Okay, that sounds reasonable.

> Is there value in having a container orchestrator process have a
> reserved container ID that has a policy distinct from any other
> container?

I'm open to arguments for this idea, but I don't see a point to it right now.

> If so, then I could see the value in making the distinction.
> For example, I've heard of interest in systemd acting as a container
> orchestrator, so if it took on that role as PID 1, then every process in
> the system would inherit that ID and none would be unset.
>
> I can't picture how having seperate "host" and "unset" values helps us.

I don't have a strong feeling either way, I just wanted to ask the question.

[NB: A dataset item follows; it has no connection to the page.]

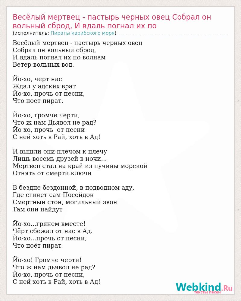 Весёлый мертвец - пастырь черных овец Собрал он вольный сброд, И вдаль погнал их по волнам Ветер вольных вод. Йо-хо, черт нас Ждал у адских врат Йо-хо, прочь от песни, Что поет пират. Йо-хо, громче черти, Что ж нам Дьявол не рад? Йо-хо, прочь от песни С ней хоть в Рай, хоть в Ад! И вышли они плечом к плечу Лишь восемь друзей в ночи... Мертвец стал на край из пучины морской Отнять от смерти ключи В бездне бездонной, в подводном аду, Где сгинет сам Посейдон Смертный стон, могильный звон Там они найдут Йо-хо...грянем вместе! Чёрт сбежал от нас в Ад. Йо-хо...прочь от песни, Что поёт пират Йо-хо! Громче черти! Что ж нам дьявол не рад? Йо-хо, прочь от песни, С ней хоть в Рай, хоть в Ад!

>> >  /* audit_rule_data supports filter rules with both integer and string
>> >   * fields.  It corresponds with AUDIT_ADD_RULE, AUDIT_DEL_RULE and
>> > diff --git a/kernel/auditsc.c b/kernel/auditsc.c
>> > index 4e0a4ac..29c8482 100644
>> > --- a/kernel/auditsc.c
>> > +++ b/kernel/auditsc.c
>> > @@ -2073,6 +2073,90 @@ int audit_set_loginuid(kuid_t loginuid)
>> >         return rc;
>> >  }
>> >
>> > +static int audit_set_containerid_perm(struct task_struct *task, u64 containerid)
>> > +{
>> > +       struct task_struct *parent;
>> > +       u64 pcontainerid, ccontainerid;
>> > +
>> > +       /* Don't allow to set our own containerid */
>> > +       if (current == task)
>> > +               return -EPERM;
>>
>> Why not?  Is there some obvious security concern that I missing?
>
> We then lose the distinction in the AUDIT_CONTAINER record between the
> initiating PID and the target PID.  This was outlined in the proposal.

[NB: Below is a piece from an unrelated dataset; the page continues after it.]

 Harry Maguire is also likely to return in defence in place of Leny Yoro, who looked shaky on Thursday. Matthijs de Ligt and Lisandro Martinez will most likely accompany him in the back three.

I just went back and reread the v3 proposal and I still don't see a
good explanation of this.  Why is this bad?  What's the security
concern?

> Having said that, I'm still not sure we have protected sufficiently from
> a child turning around and setting it's parent's as yet unset or
> inherited audit container ID.

Yes, I believe we only want to let a task set the audit container for
it's children (or itself/threads if we decide to allow that, see
above).  There *has* to be a function to check to see if a task if a
child of a given task ... right? ... although this is likely to be a
pointer traversal and locking nightmare ... hmmm.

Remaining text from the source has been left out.